Wenn die Umgebung, von der Sie sprechen, jedoch nur schlecht ist Chef und / oder nervige Mitarbeiter, dann denken Sie, dass es normalerweise eine schlechte Wahl ist, wegzulaufen, wenn Sie vor einer Herausforderung stehen. Tun Sie es ein paar Mal und es wird zur Gewohnheit. Sie möchten nicht eine Person werden, die jedes Mal professionell davonläuft, wenn die Dinge nicht perfekt sind. Es wird wahrscheinlich nicht das letzte Mal in Ihrem Leben sein, dass Sie einen schlechten Chef haben. Sie müssen Bewältigungsfähigkeiten erlernen, anstatt wegzulaufen.

Eine Kündigungsfrist von zwei Wochen ist nichts. Es ist eine gute Praxis, sich wie ein Profi zu verhalten und mit einer unangenehmen Umgebung umzugehen. Sie sind vielleicht froh, dass Sie diese Fähigkeiten haben, wenn Sie 30 Jahre alt sind und ein Kind haben, und können es sich nicht leisten, diesen Job zu kündigen, wenn Sie Miete zahlen möchten.

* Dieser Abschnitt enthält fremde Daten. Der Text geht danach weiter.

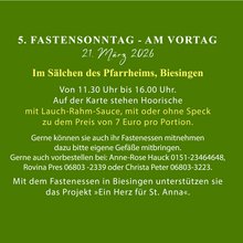 Herzliche Einladung am Samstag, dem 21. März 2026, zum dritten Fastenessen in unserer Pfarrei. An diesem Samstag laden wir ins Sälchen des Pfarrheims Biesingen ein.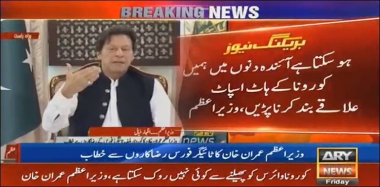وزیراعظم عمران خان نے ٹائیگر فورس کے رضاکاروں سے خطاب کرتے ہوئے کہا کہ برطانیہ اور پاکستان نے رضاکاروں کی رجسٹریشن شروع کی، ہم نے 10 لاکھ رضاکاروں کی رجسٹریشن شروع کی، ایک لاکھ 75 ہزار رضاکاروں نے کام کیا، محدود لاک ڈاؤن کے لیے ٹائیگر فورس کو ٹریننگ دی جائے گی۔

In gewisser Weise ist es auch eine Frage des Selbstwertgefühls. Wenn Sie lernen, mit allem umzugehen, sind Sie besser auf Leben und Arbeiten vorbereitet und können stolz auf sich sein, dass Sie ethisch gehandelt haben, auch wenn Ihre Mitmenschen dies nicht getan haben.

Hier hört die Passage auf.